Film Tuhan, Izinkan Aku Berdosa yang tayang di bioskop Indonesia mulai 22 Mei 2024 mendatang dengan genre drama religi ini seolah memberi gambaran dan kritik tajam pada kemunafikan kehidupan sosial khususnya untuk mereka yang mengeksploitasi agama dengan kepentingan pribadi.
Film Tuhan, Izinkan Aku Berdosa diadaptasi dari Novel berjudul Tuhan, Izinkan Aku Menjadi Pelacur. Mengungkap kejinya kehidupan underground yang biasanya ditutupi dengan gimmick di dalamnya. Topik ini sebenarnya cukup sensitif karena beresiko menyinggung banyak pihak.
Namun Hanung Bramantyo selaku sutradaranya tetap berani melanjutkan agar masyarakat bisa mengambil pelajaran darinya. Ketahui fakta dan pesan di balik tujuan penggarapan film Tuhan, Izinkan Aku Berdosa sebelum Anda menontonnya.
Daftar Isi
ToggleMengangkat Isu Penting dan Sensitif
“Film ini mengangkat isu penting tapi sensitif. Ini benar-benar saya buat dengan mempertimbangkan kejujuran. Saya ingin sampaikan kritik sosial. Masyarakat bisa berkaca dari film itu. Saya ada semacam marah atas yang terjadi di lingkungan kita. Mereka yang menganggap dirinya baik, pejabat alim gitu ternyata penuh kepalsuan. Bahkan akademi agama yang dipercaya malah terjadi abusive, pelecehan, pembullyan. Film Tuhan, Izinkan Aku Berdosa bercerita tentang itu” ujar Hanung saat jumpa pers di Kuningan, Jakarta Selatan.

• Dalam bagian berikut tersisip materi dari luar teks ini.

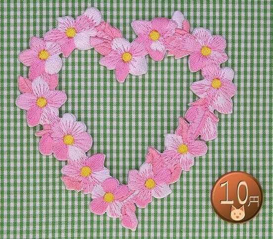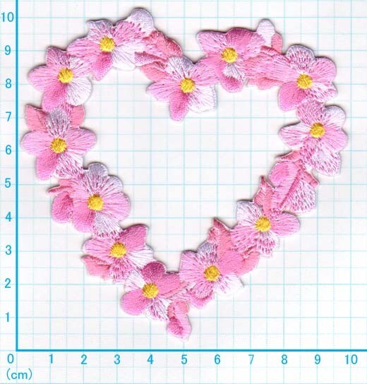 アイロンワッペン/刺繍/アップリケ/フラワーハートリース ピンク/花/デコレーション

Karakter Berlawanan dengan Agama

Meski mengusung genre religi, karakter Kiran (Aghniny Haque) pemeran utama di film Tuhan, Izinkan Aku Berdosa digambarkan berlawanan dengan agama yakni terjerumus dalam zina dan kehidupan paling gelap usai mendapat kekecewaan, fitnah, dan pengkhianatan berulang kali.
Pencarian jati diri menjadi alasan Kiran melakukannya. Hal ini tentu seringkali ditemukan dalam dunia nyata. Ada juga tentang mulusnya pelarian diri orang-orang kriminal yang dekat dengan penguasa dimana mereka seolah mendapat keistimewaan secara hukum.
Contoh sederhananya ialah seseorang yang memilih lepas hijab setelah bercerai atau merasa disakiti pasangannya, berbuat keji pada pasangan dengan alasan cemburu atau tidak ingin kehilangan, kasus pemerkosaan dan pelecehan yang justru terjadi di pesantren atau dilakukan pemuka agama, hingga poligami dengan alasan sunnah agama yang pada kenyataannya demi nafsu belaka.
Kisah Nyata Korban Kemunafikan Kehidupan Sosial
Beragam kelompok agamis ditampilkan anarkis dan eksploitatif, mungkin bisa menimbulkan amarah berbagai pihak. Pada akhirnya, tim produksi tidak mundur, tetap sampaikan apa adanya dengan pesan bahwa sekecil apapun itu, itulah yang berpotensi timbul di sekitar kita.
Kritik tajam kemunafikan kehidupan sosial juga disampaikan untuk wakil rakyat. Tentang penguasa dan orang-orang yang dekat dengan kalangan atas menyelewengkan kekuasaan demi kepentingan pribadinya.
Hal ini juga sesuai dengan banyaknya kasus yang dialami di negeri ini yang juga ditampilkan di film. Meski sebuah film fiksi, namun isu yang diangkat terasa nyata, terasa dekat dan sering ditemui di sekitar kita. Hal ini ditegaskan oleh M. Dahlan selaku pengarang novelnya.
“Ini sebetulnya kisah nyata, ada orangnya. Seperti di filmnya, orangnya tidak diterima di masyarakat. Ini Awalnya memoir namun pembaca marah kemudian dibuat menjadi sastra sehingga terasa fiksi dan tidak memicu kemarahan, tidak ada yang tersinggung.” Jelas M. Dahlan (18/5) ketika konferensi pers di Jakarta.
Baca juga: Fakta Baru Pembuatan Film Vina: Sebelum 7 Hari, Keluarga Eky Tak Setuju!
Konflik dan Tempat Direkayasa
Kalimat M. Dahlan tidak secara langsung menegaskan isu kehidupan sosial, ia tidak ingin menguak secara langsung. Ia harus memalsukan tiap karakter, tempat, dan merekayasa konflik di sastranya. Akhirnya, film ini memberi pesan bahwa manusia bisa berbuat salah tanpa ada batasan agama atau jabatan dan penonton diajak agar tidak menjadi serupa dengan karakter di filmnya.